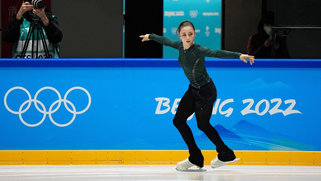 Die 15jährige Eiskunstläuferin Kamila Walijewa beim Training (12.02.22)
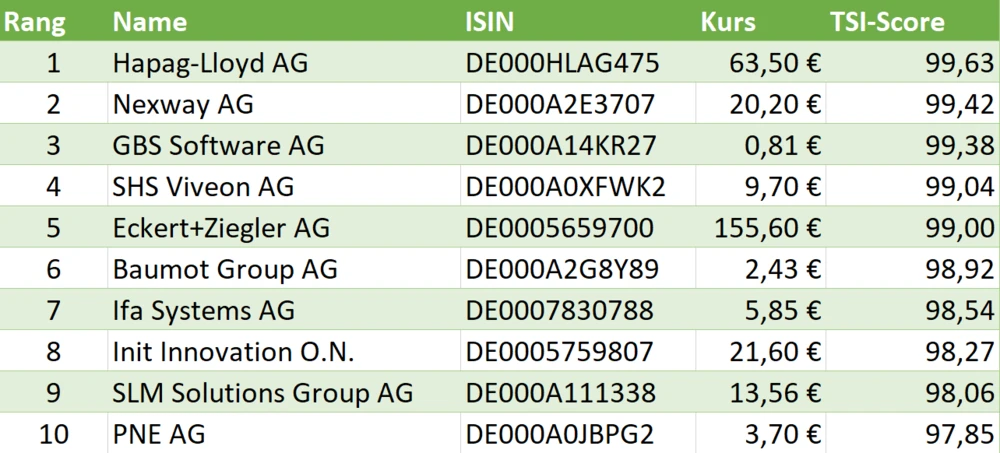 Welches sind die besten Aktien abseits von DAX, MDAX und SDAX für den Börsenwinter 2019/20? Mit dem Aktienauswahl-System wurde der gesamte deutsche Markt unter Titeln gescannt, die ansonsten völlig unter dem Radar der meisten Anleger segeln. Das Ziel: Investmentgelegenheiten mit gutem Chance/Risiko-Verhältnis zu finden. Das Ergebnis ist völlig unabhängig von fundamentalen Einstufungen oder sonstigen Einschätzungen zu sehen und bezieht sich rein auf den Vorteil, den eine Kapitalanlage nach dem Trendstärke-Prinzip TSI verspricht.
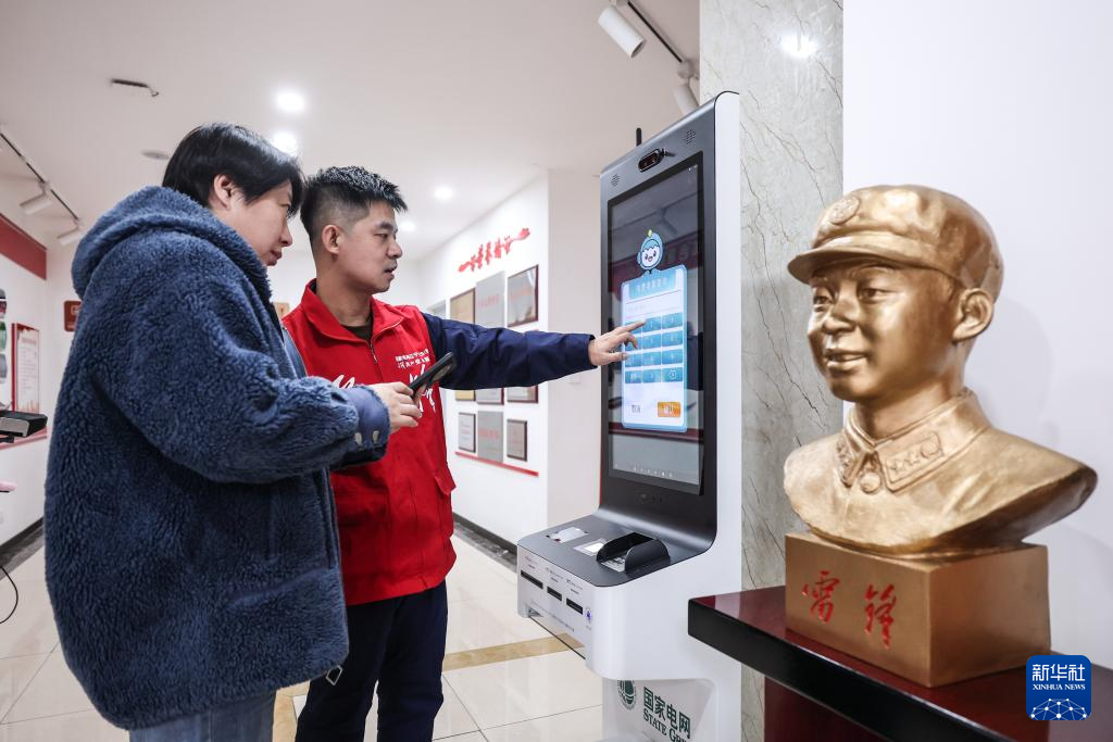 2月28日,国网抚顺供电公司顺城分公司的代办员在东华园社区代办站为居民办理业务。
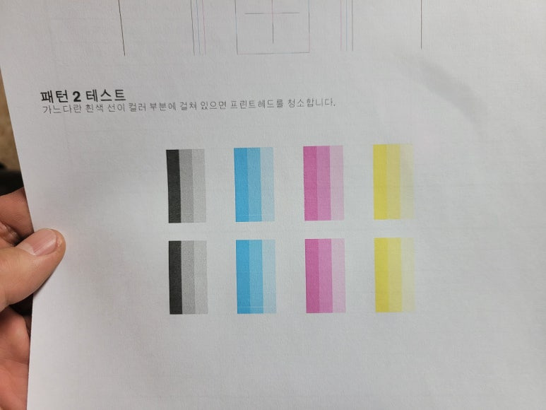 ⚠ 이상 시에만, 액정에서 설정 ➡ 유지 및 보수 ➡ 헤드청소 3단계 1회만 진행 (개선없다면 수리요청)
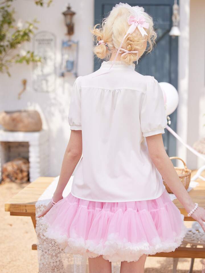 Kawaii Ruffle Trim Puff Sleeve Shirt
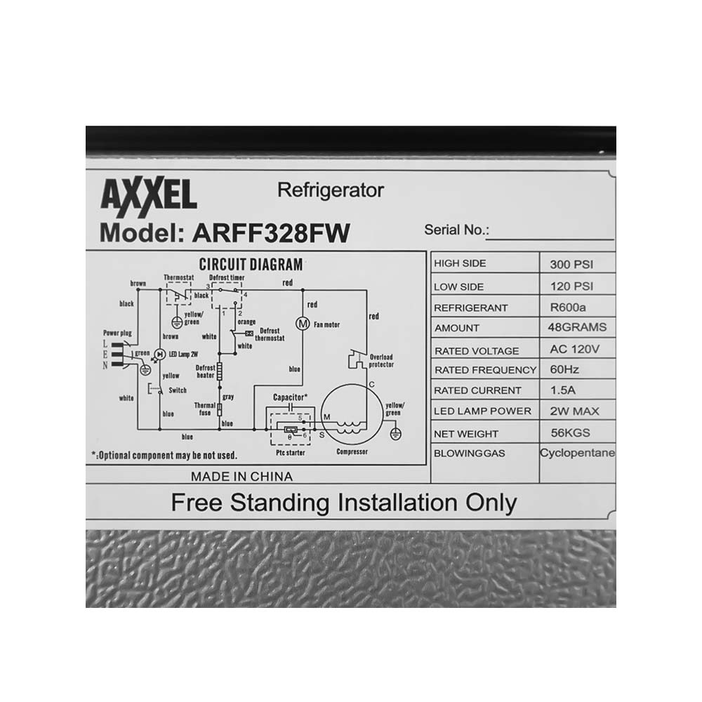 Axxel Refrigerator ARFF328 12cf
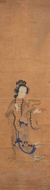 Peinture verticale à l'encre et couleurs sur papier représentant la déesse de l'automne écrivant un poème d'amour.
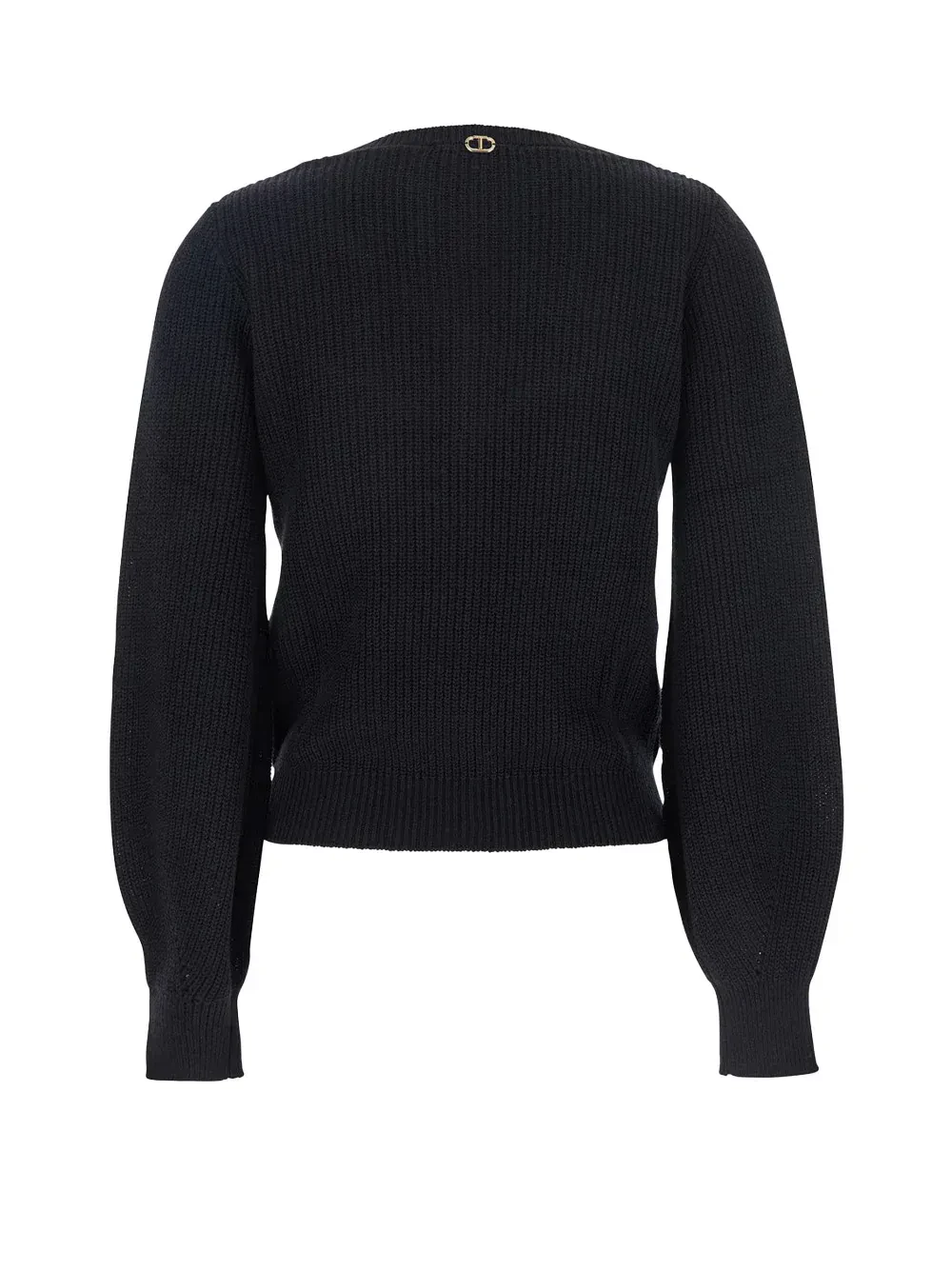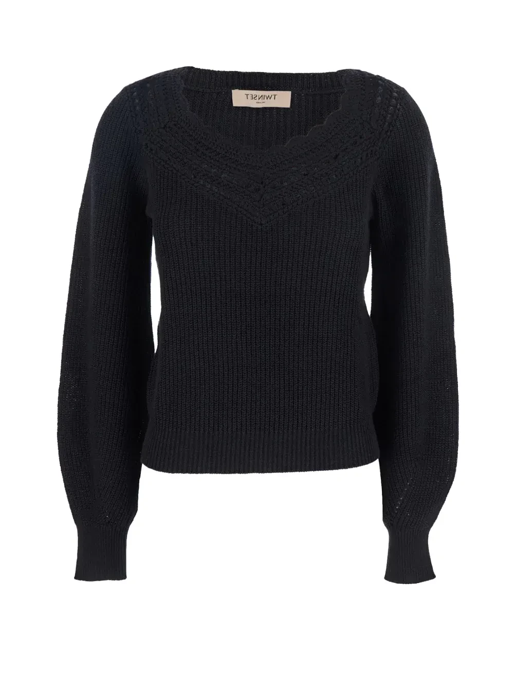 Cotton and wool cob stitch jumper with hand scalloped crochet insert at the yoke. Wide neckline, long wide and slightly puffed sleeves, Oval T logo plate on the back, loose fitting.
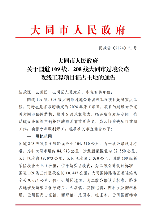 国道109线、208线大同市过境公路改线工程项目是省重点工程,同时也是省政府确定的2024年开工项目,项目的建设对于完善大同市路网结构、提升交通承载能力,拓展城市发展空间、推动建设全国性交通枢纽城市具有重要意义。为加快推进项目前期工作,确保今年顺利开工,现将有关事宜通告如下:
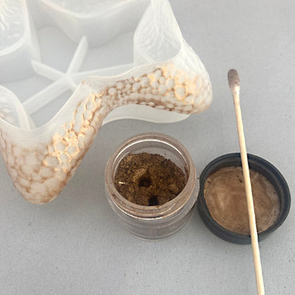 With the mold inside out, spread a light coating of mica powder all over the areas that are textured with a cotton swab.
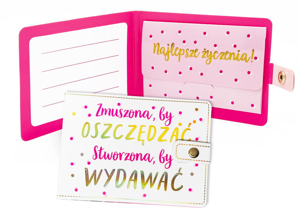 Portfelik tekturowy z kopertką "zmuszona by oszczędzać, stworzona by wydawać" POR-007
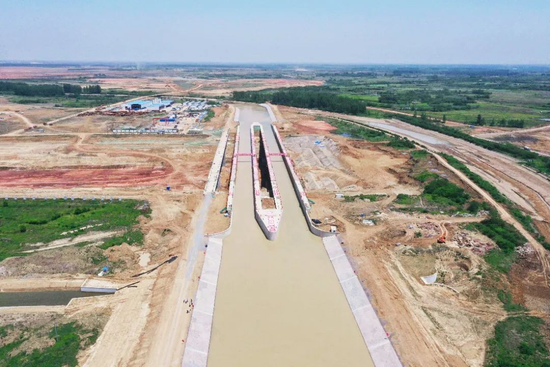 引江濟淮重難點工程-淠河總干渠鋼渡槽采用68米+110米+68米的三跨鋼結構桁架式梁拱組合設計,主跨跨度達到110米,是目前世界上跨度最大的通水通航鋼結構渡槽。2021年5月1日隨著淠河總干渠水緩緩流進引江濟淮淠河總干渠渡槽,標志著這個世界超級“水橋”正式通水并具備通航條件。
# # # #
### What needs to be done:
Only the lines from the start of the material to the line with "Peinture verticale à", inclusive, belong in the answer, printed exactly and free of pictures.

### Answer to this exercise:
 Die 15jährige Eiskunstläuferin Kamila Walijewa beim Training (12.02.22)
 Welches sind die besten Aktien abseits von DAX, MDAX und SDAX für den Börsenwinter 2019/20? Mit dem Aktienauswahl-System wurde der gesamte deutsche Markt unter Titeln gescannt, die ansonsten völlig unter dem Radar der meisten Anleger segeln. Das Ziel: Investmentgelegenheiten mit gutem Chance/Risiko-Verhältnis zu finden. Das Ergebnis ist völlig unabhängig von fundamentalen Einstufungen oder sonstigen Einschätzungen zu sehen und bezieht sich rein auf den Vorteil, den eine Kapitalanlage nach dem Trendstärke-Prinzip TSI verspricht.
 2月28日,国网抚顺供电公司顺城分公司的代办员在东华园社区代办站为居民办理业务。
 ⚠ 이상 시에만, 액정에서 설정 ➡ 유지 및 보수 ➡ 헤드청소 3단계 1회만 진행 (개선없다면 수리요청)
 Kawaii Ruffle Trim Puff Sleeve Shirt
 Axxel Refrigerator ARFF328 12cf
 Peinture verticale à l'encre et couleurs sur papier représentant la déesse de l'automne écrivant un poème d'amour.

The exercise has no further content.